In the above-described embodiment, in the case of a color image carrier, deviations in the white balance can be prevented by controlling the brightness of the pixels of these three colors in common according to the arrangement of the three primary color filters in a mosaic pattern or the like. Furthermore, it is also possible to adopt a configuration in which the adjacent image signals of the three primary colors are added together before being converted into digital quantities, and the resulting signal is averaged by an integrating circuit to perform dimming.

In the case of these color images, for example, after passing through an integrating circuit, a color correction amplifier is inserted in the middle of the automatic light control circuit to convey images with more faithful hues without changing the white balance. Or it can be made playable.

It is clear that the present invention is applicable not only to color imaging but also to monochrome imaging.

Effects of the Invention As described above, according to the present invention, the transmission of light through the liquid crystal filter in the portion that covers the corresponding light-receiving element depends on the signal level output according to the amount of light received by the light-receiving element. Since the amount of light is controlled, the blooming phenomenon can be prevented and the amount of received light can be automatically set to be suitable for image transport or observation.

Furthermore, it is possible to form an imaging means that can significantly widen the dynamic range and reproduce more faithfully.

[Brief explanation of the drawing]

Figures 1 to 3 relate to the first embodiment of the present invention.
The figure shows an imaging device equipped with the first embodiment, FIG. 2 is a block diagram showing the vicinity of the liquid crystal drive circuit, FIG. 3 is an explanatory diagram showing the liquid crystal filter, and FIG. It is an explanatory view showing a liquid crystal filter. 1... Imaging device 3... Objective lens 4... Solid-state image sensor 5... Signal reading circuit 6... Video processing unit 7... Color television receiver 8.21... Liquid crystal filter 9u+...9r++n...Block 1Qnm-1,
=1Of1m-4,22nnl-+, ・=221m
-a... Electrode section 12... Liquid crystal drive circuit 13... A/D converter 14... Encoder 15...
...Multiplexer circuit 16v-+, ...16v-a...Hold circuit 18
...switching circuit

Claims (3)

[Claims] (1) The optical image of the subject is formed by the imaging lens on the light receiving elements arranged on the imaging surface of the solid-state image sensor, and the signal corresponding to each pixel output from each light receiving element is captured.

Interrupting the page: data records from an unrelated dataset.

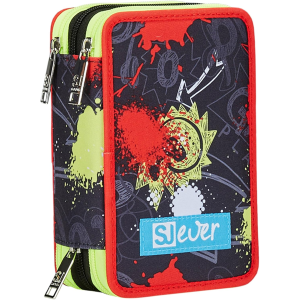 SJ Ever Astuccio Scuola 3 Zip, Rosso, PlayJam Boy, Portapenne Triplo Scomparto Completo Di Penne, Matite, Colori, Accessori Zaino, Elementari, Medie, Bambino
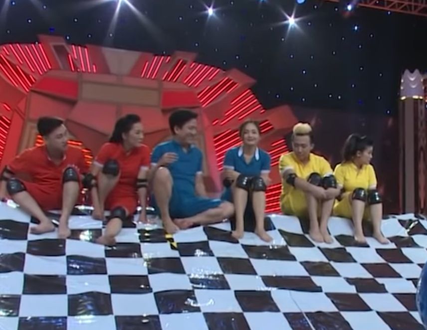 Đang ngồi nghe phổ biến luật chơi của chú Chí Tài rất châm chú nha.
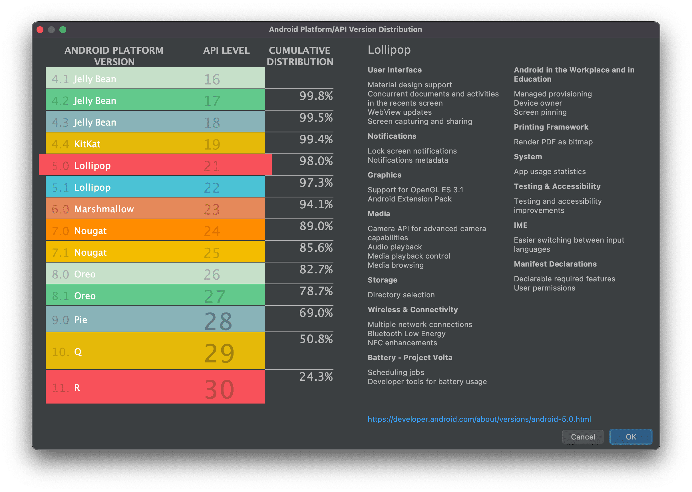Help me choose 버튼을 누르면 현재 안드로이드 OS 버전별 점유율을 확인할 수 있습니다. 자신이 개발하는 앱이 어느 버전까지 지원하면 좋을지 판단할 때 좋은 자료입니다.
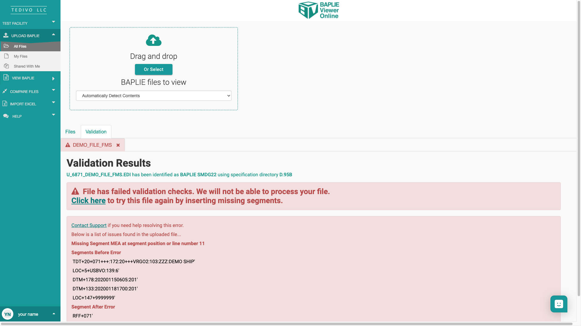 Files sometimes are sent with bad or missing data, and this can prevent them from being processed in a TOS or other system. BAPLIE Viewer Online's upload functionality has the ability to fix missing segments by highlighting them and allowing the user to quickly and easily insert mandatory information to make the file readable.
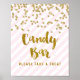 Sockerbarskylt affisch för babyfest, bröllopsfest eller bröllop i ljust pastellrosa och vita ränder mönster med guldkonfetti och handskriven stil bokstäver. Perfekt för en babyfest, bröllop eller bröllopsfest.
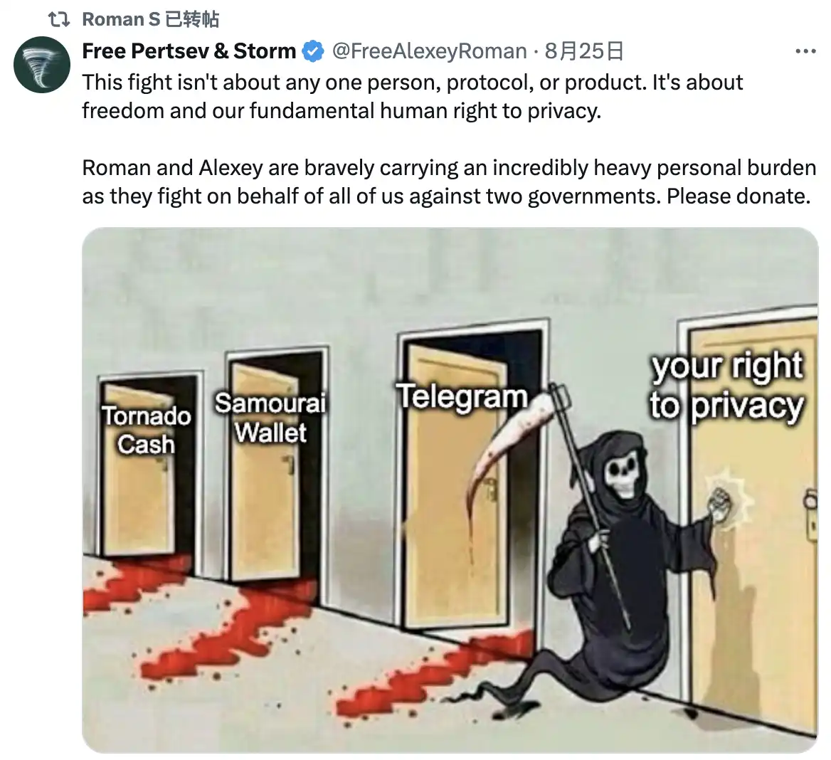 在 Pavel Durov 因 Telegram 的隐私和加密功能在法国被捕后,Roman Storm 的推特也转发了多条声援的信息。
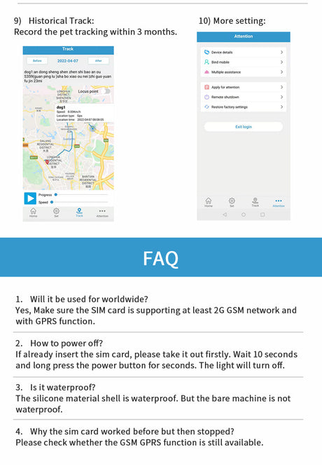 Blue Real-Time Pet GPS Tracker Locator - Magnetic Charging, Multi-Mode Positioning for Dogs & Cats
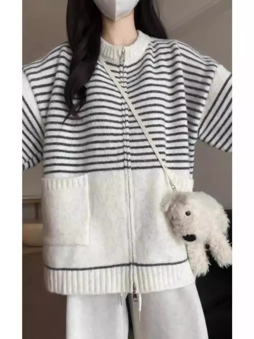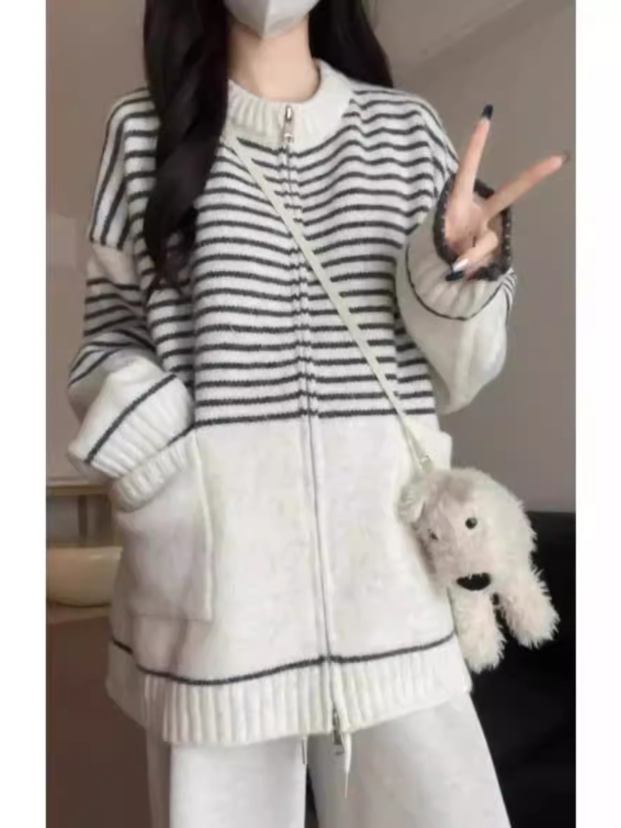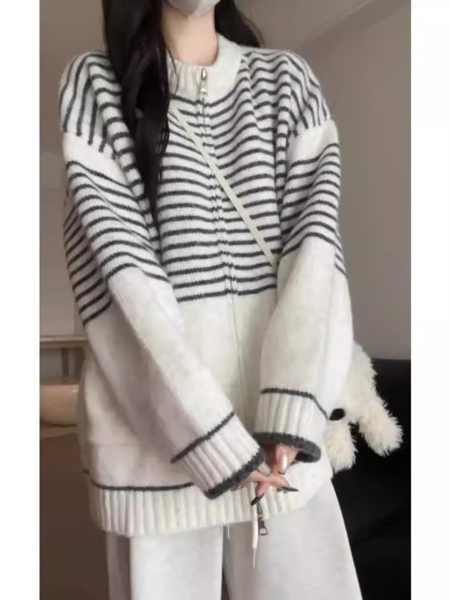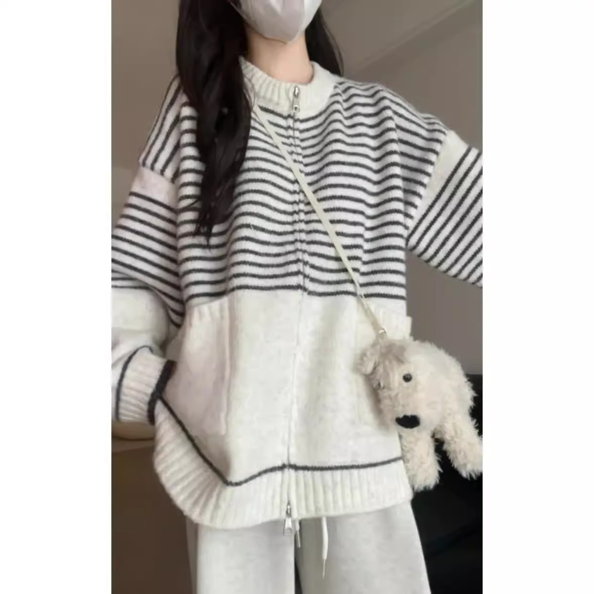 한국 스타일 게으른 스타일 줄무늬 외복 스웨터 가을과 겨울 여자 느슨한 대학 스타일 지퍼 두꺼운 스웨터 재킷

In an imaging device capable of reproducing images, the amount of light received by each light receiving element or a group of consecutive light receiving elements on a moderate scale can be variably adjusted by controlling the application of a voltage in front of the imaging surface. dimmer means for controlling the amount of transmitted light of a portion of the liquid crystal filter that covers the light receiving element based on a signal output from the light receiving element or a group of light receiving elements; An automatic light control device for imaging using a liquid crystal filter, characterized in that: (2) The light control means forms liquid crystal driving signals of a high level number or a low level number according to the level of the output horn signal of the light receiving element, and covers the liquid crystal 1 driving signal with the output horn signal of the light receiving element. An automatic light control device for a Shu image using a liquid crystal filter according to claim 1, characterized in that it is formed by applying a plurality of electric currents t1 of the liquid crystal filter portion. (3) The liquid crystal filter according to claim 1 is used, wherein the light control means functions in a cycle of one frame period in which signals from all the light receiving elements of the solid-state image carrier are read. Automatic light control device for imaging.